Seeking to constantly evolve Brioni’s sartorial codes is a mission for Norbert Stumpfl,  who outdid himself with the spring collection for the brand, an ode to its Italian tailors in Penne.

The serene garden nestled behind the façade of the stately 18th century Palazzo Borromeo D’Adda was the ideal setting for the presentation — the soft light of a cloudy Milanese day emphasized the new watercolor palette of a cashmere, silk and linen suit. Stumpfl said proudly that four of his team of eight are dedicated just to fabric research and development and that 70 percent of the cloths employed by Brioni are exclusive, coming from Italian, English and Japanese mills.

To be sure, the fabrics are always distinctive, and the extra-fine wool of the new double-breasted suit Stumpfl himself was wearing was almost weightless. A double splittable silk shantung suit in azure was worn over a beige knitted evening shirt and looked remarkable. A seersucker suit with a herringbone texture and mother-of-pearl buttons was also a standout.

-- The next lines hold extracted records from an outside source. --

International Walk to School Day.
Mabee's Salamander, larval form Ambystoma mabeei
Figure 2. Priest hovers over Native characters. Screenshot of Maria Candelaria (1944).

This season, pants were more high-waisted, for a longer silhouette, and larger lapels added more volume to the breezy looks. An elasticized waist on pants under shirts in the same material as the suit conveyed an easy look that telegraphed comfort. A windbreaker in technical silk with leather details and a crocodile jacket were all about luxury.

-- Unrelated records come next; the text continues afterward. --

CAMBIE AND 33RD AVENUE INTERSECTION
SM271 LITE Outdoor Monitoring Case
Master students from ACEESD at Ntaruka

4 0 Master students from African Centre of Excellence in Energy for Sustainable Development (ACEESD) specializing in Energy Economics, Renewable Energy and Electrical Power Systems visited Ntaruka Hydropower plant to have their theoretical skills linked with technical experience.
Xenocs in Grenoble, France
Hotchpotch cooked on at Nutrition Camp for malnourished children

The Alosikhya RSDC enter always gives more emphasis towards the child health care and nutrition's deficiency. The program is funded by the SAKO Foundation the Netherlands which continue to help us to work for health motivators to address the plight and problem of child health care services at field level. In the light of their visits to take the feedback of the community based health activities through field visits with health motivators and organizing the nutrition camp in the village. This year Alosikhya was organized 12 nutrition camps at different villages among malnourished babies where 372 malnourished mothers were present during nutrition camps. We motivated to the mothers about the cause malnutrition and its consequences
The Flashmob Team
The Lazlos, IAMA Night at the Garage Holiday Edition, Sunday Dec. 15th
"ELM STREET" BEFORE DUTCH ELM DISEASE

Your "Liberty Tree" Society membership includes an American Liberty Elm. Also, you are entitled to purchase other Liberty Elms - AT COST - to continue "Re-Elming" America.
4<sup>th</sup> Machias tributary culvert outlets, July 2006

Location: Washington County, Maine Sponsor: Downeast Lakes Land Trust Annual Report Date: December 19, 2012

The skill of Brioni’s tailors also stood out in the eveningwear segment, as 10,000 hand-embroidered knots made with glass beads and threads of yarns embellished a shantung jacket.

Brioni next year will mark its 80th anniversary and part of the installation paid tribute to the brand’s first menswear fashion show at the Sala Bianca in Florence. A number of male and female mannequins wearing white suits — bianca means white in Italian — lounged on the grass, reading or appearing to chat amicably — the ultimate luxury as green stains were simply not a concern.